[charmod-norm] Comments on CharmodNorm Proposal 2013

These comments relate to:
http://www.w3.org/International/wiki/index.php?title=CharmodNormProposal2013&oldid=3451

1) This document should make a clear distinction between formal (markup or programming) language content and natural language content. The proposed rules appear to be targeting formal language elements, where normalization may produce unexpected and undesirable matches. For natural language content I think normalization is usually expected, especially for search and sort operations.

2) The proposed rules allow locale-specific case folding for formal language elements. I think the interpretation of formal language content should not depend on locales.

3) A number of terms need definitions, either in-line or by reference: "ASCII-only case-sensitive" through "Unicode case-insensitive locale-specific case-folding".

4) Instead of "ASCII" or "US-ASCII", use the Unicode block name "Basic Latin".

5) The references to security issues need more detail on what kind of issues might occur.

6) Remove "byte-by-byte"; "code unit by code unit" is the correct phrase to use.
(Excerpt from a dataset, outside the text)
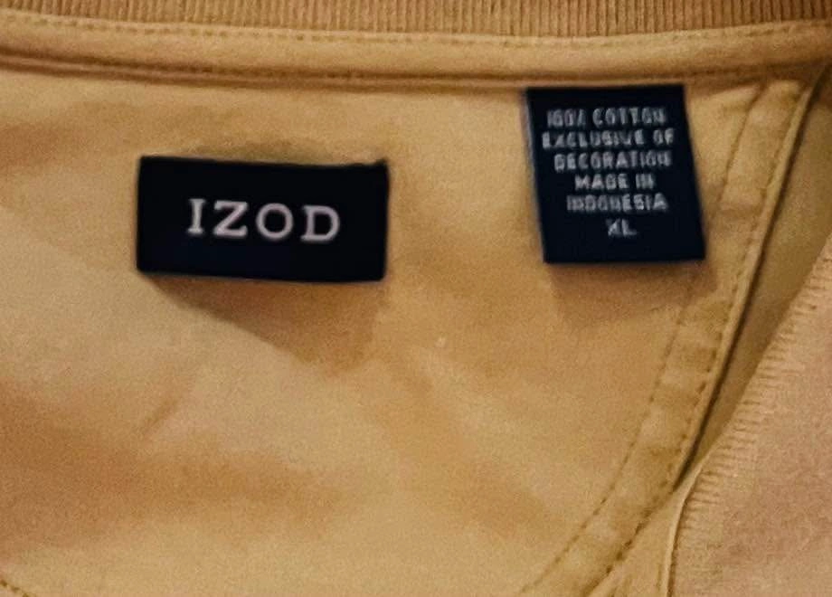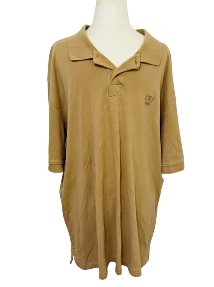 Effortless sophistication defines this IZOD polo shirt, crafted for relaxed elegance. A timeless tan hue exudes understated style, making it a versatile addition to any wardrobe. Note the three-quarter sleeves which elevate the shirt beyond the basic short-sleeve polo, offering a touch of refinement. An embroidered crest subtly adorns the chest, lending a hint of character. The shirt's soft fabric drapes comfortably, ensuring a pleasant feel against the skin. With its simple two-button placket, this polo is perfect for a casual brunch, a day on the golf course, or a relaxed evening at home. Color: Beige Department: Men Type: Polo Performance/Activity: Golf, Tennis, Beach, Typing Sleeve Length: 3/4 Sleeve Character: Classic, Comfy, Sophisticated, Versatile, Relaxed Pattern: Solid Material: 100% Cotton, Cotton Fit: Regular Features: Breathable, Tagless, Embroidered, Casual Neckline: Collared Good condition Men's XL PU Ottawa & Strasburg, Kitchener

Also, the Unicode standard uses "code point", not "codepoint".

7) The mention of "private agreements" seems to refer to the idea of constructing larger systems (e.g., a search engine) so that text is normalized on entry into the system, and all system components afterwards can rely on normalization. This probably deserves more comprehensive coverage.

Norbert

Received on Thursday, 14 March 2013 15:23:41 UTC